How Much Does a Grain Bin House Cost?
The cost of a grain silo home will depend on the size, location and the home site. The larger the grain bin, the higher the cost. The price will also depend on whether you’re buying a home kit, purchasing a new silo, or purchasing an old silo.
Grain bins can cost as little as $30 per square foot, sometimes less. Old silos will be the cheapest option but may require the most work to repurpose.
In the case of the Monte Silo home listed above, the owner paid less than $200 per square foot for the home. Even at $200 a square foot, the home’s price tag would be $360,000.
Where to Find Grain Bins
For new grain bins, you can simply contact a manufacturer to discuss your size needs. If you’re looking for a used bin, you have many options.
In many areas of the U.S., there are what’s called “government bins.” These bins are 18 feet in diameter and stand about 18 feet tall at the eaves. Because these silos are no longer commercially viable, they are often scrapped by their owners. You may be able to scoop one up for next to nothing in this case. Place an ad in a farm magazine or check Craigslist to see if anyone has one available.

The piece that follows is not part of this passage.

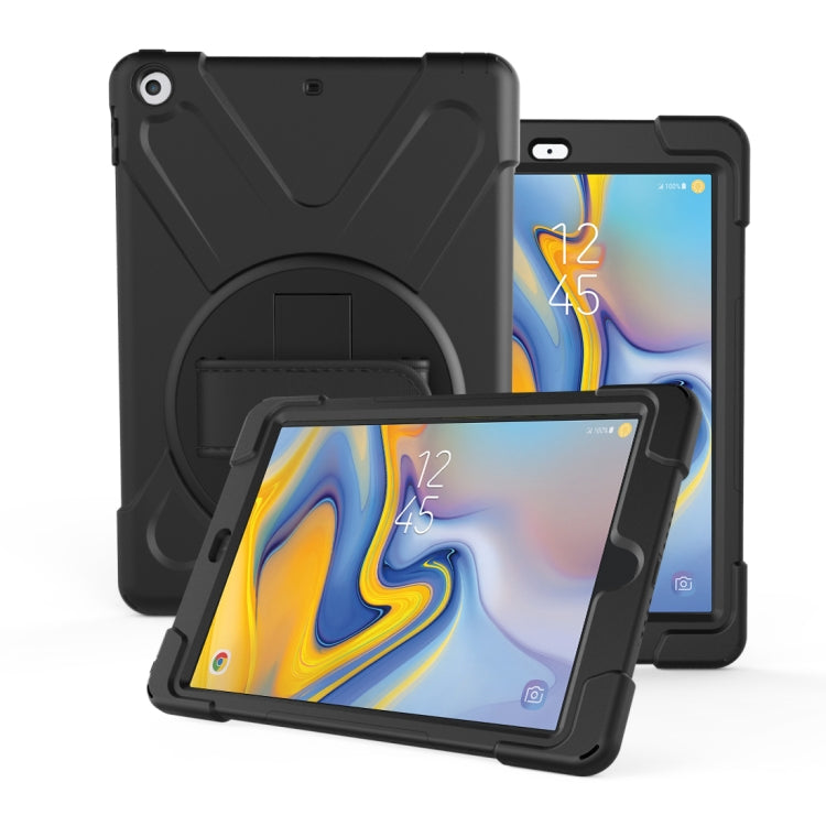 For Galaxy Tab A 8.0 T387(2018) 360 Degree Rotation PC + Silicone Protective Case with Holder & Hand-strap(Black)

If you are purchasing a new grain bin, the manufacturer may also be able to move the bin to your home site. Depending on the diameter, the structure may be able to be moved “whole,” or it may be broken down into small sections.
The Benefits of a Grain Bin Home
A grain bin home is an unconventional choice, but it offers many benefits:
- Eco-friendly: Used grain bins are already constructed. Re-purposing them is an eco-friendly option. Even new silos can be an environmentally-friendly option.
- Energy-efficient: Silo homes can be energy efficient and outfitted with insulation to keep it warm and comfortable throughout the year. Solar is an option as well as other green energy options.
- Easy maintenance: Unlike a conventional home, grain bin homes don’t have to be painted regularly and are easy to maintain. They are fire resistant and resistant to wind and earthquakes.
- Quick construction: Compared to a stick-built home, a grain bin home has a quick construction time.
- Round design: Many silo home owners love the idea of living in a round structure. They consider the space soothing and comfortable.
- Lower cost: Whether you buy a used silo or a new one, you can expect to spend significantly less on your home than you would on a conventional home.